Ama bütün bunlara rağmen bu dostlukta her kişinin bu ekibin bir parçası olduğu, birisi eksik kalırsa hiçbir işlerinin yolunda gitmeyeceği ve birbirlerinin eksiklerini kendileri bile farkında olmadan tamamlayarak mükemmel bütünü oluşturdukları çok açık bir şekilde görülüyordu. Birbirlerinin arkasını kolluyor, her biri bir diğerini kurtarabilmek için düşmanla yüzleşmeyi göze alıyor ve çıktıkları yolculuklar ne kadar tehlikeli olursa olsun birbirlerini asla terk etmiyorlardı. Hiçbiri bireysel olarak mükemmel değildi. Magnus kılıcı Jack'e rağmen savaşma konusunda çok iyi bir iş çıkaramıyordu, Samira daima mantığıyla hareket ettiği için doğaçlama konusunda genellikle başarısız oluyordu, Yarıkaya Gunderson mükemmel bir savaşçı olmasına rağmen çok mantıklı davranmıyordu, Mallory çok hırslı ve öfkeliydi, T.J. genellikle ekibin en sakin savaşçısıydı, Blitzen savaş giysilerinin modaya uygun olmasına savaşmaktan daha çok önem veriyordu, Hearthstone çok fazla fedakarlıkla kendisini zorluyordu ve Alex alaycılığını öne çıkarıp duygularını daima geri plana atıyordu. Hepsinin bir eksikliği, bir diğerinin tamamlamasına ihtiyaç duydukları yönleri vardı. Ayrı ayrı savaşmaları halinde belki de karşılarına çıkan ilk zorlukta kaybederlerdi ancak birbirlerine tutunarak sahip oldukları bütün eksiklerini kapatmışlardı. Yukarıda bahsettiğim, dostluğun duygusal kısmında bazı karakterlerin geri planda kalma durumu dışında mükemmel yazılmış bir dostluk bağıydı ve okuması çok keyifliydi. Birbirleriyle olan atışmaları, laf sokmaları ama bir yandan da korumaya çalışmaları, birbirleri için endişelenmeleri çok güzeldi. Ve eğer seri sadece üç kitapla sınırlanmamış olsaydı bu karakterlere yazılacak daha fazla sahne, Mallory, Yarıkaya ve T.J. ile Magnus arasındaki geri planda kalma sorununu çok kolay bir şekilde ortadan kaldırabilirdi.

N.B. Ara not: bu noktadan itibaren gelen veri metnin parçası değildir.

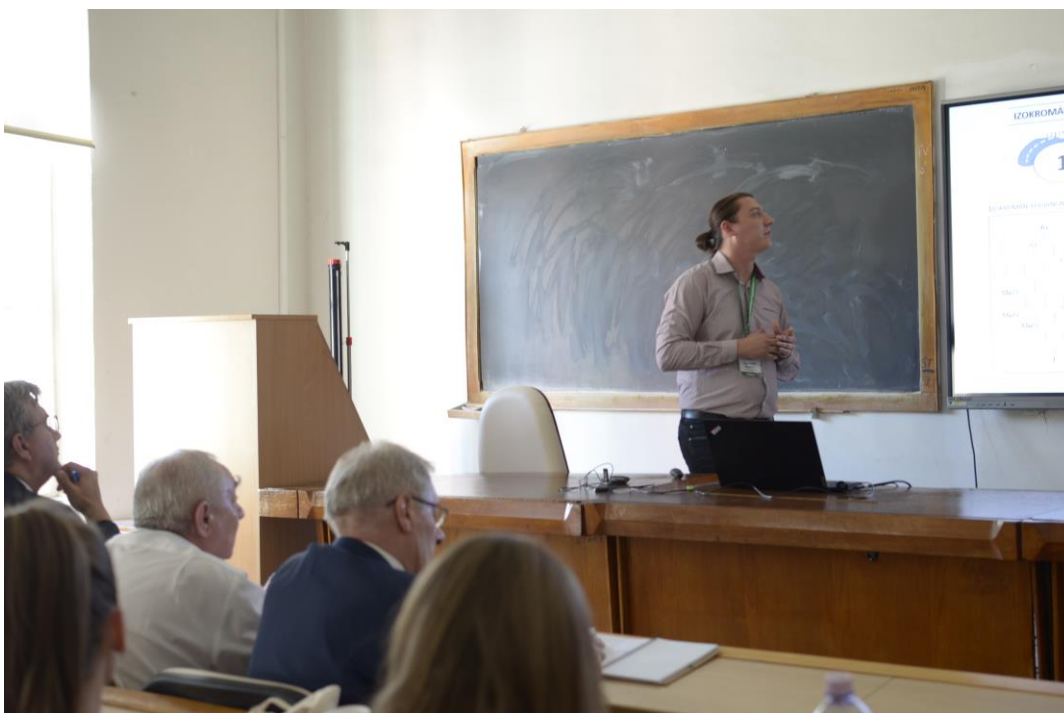
(Doktorandusz plénum előadás a XXX. Nemzetközi Vegyészkonferencián)

Ezt követi a Doktorandusz plénum szekció , mely lehetőséget biztosít a doktorandusz hallgatók számára egy 10-15 perces szóbeli prezentáció megtartására, verseny formájában. A program nagyon népszerű, ebben az évben 41 doktorandusz előadást mutattak be a Doktorandusz plénumon.

"Sana küçük bir sır vereyim, Magnus. İyi ve kötü yok. Yalnızca istedikleri şeyleri yapabilenler ve yapamayanlar var. Ben yapabiliyorum. Sense... yapamıyorsun!"
Loki'nin laf cambazlığı, sinsilikleri ve tanrılara karşı içinde taşıdığı nefret önceki kitaplarda çok güzel aktarılmıştı. Öyle ki bazı sahnelerini okurken adamın castını kafamda Tom Hiddleston olarak belirliyordum ve güzel konuşma yeteneğini kullanarak karşısındakine sözleriyle vurabildiği sahnelerde takınacağı sinsi gülümsemesi resmen gözümün önüne geliyordu. Ancak bu kitapta yer aldığı sahnelerin azlığından mı, o sahnelerin uzun olmamasından mı yoksa Ragnarok planının ciddiyetinden konuşmaları yüzünden laf cambazlığını sergileyeceği vaktinin kalmamasından mı bilemiyorum, karakterinin en çok patlaması gerektiğini düşündüğüm final kitabında bu özellikleri arka planda kalmıştı. Hala çok akıllı davranıyordu ve planlarını çok iyi işletiyordu ama Loki'ye aktarılan güçte bir azalma var gibiydi. Magnus'la yaptığı dalaşmada çok korkunç ama muhteşem şeyler (Ollivander referansıdır efenim, doğru düşündünüz) söylemesine rağmen bence çizmesi gereken baskın ve güçlü profilde tam başarılı olamamış, bazı kırılmalar yaşanmıştı. Önceki kitaplarda çocuklarının bağırsaklarından yapılmış bağlarla bir kayaya bağlanmış ve suratına başının üstünde sarkan yılanın zehri akarken, sadece rüya yoluyla bütün planlarını işletmek zorunda olmasına rağmen daha güçlü bir karakterdi bence. Doğal olarak, bütün bağlarından kurtulmuşken çok daha güçlü olmasını beklerdim ve her ne kadar bu kitaptaki halinden çok fazla rahatsız olmasam da karakter gelişimini daha baskın devam ettirebilmesini isterdim.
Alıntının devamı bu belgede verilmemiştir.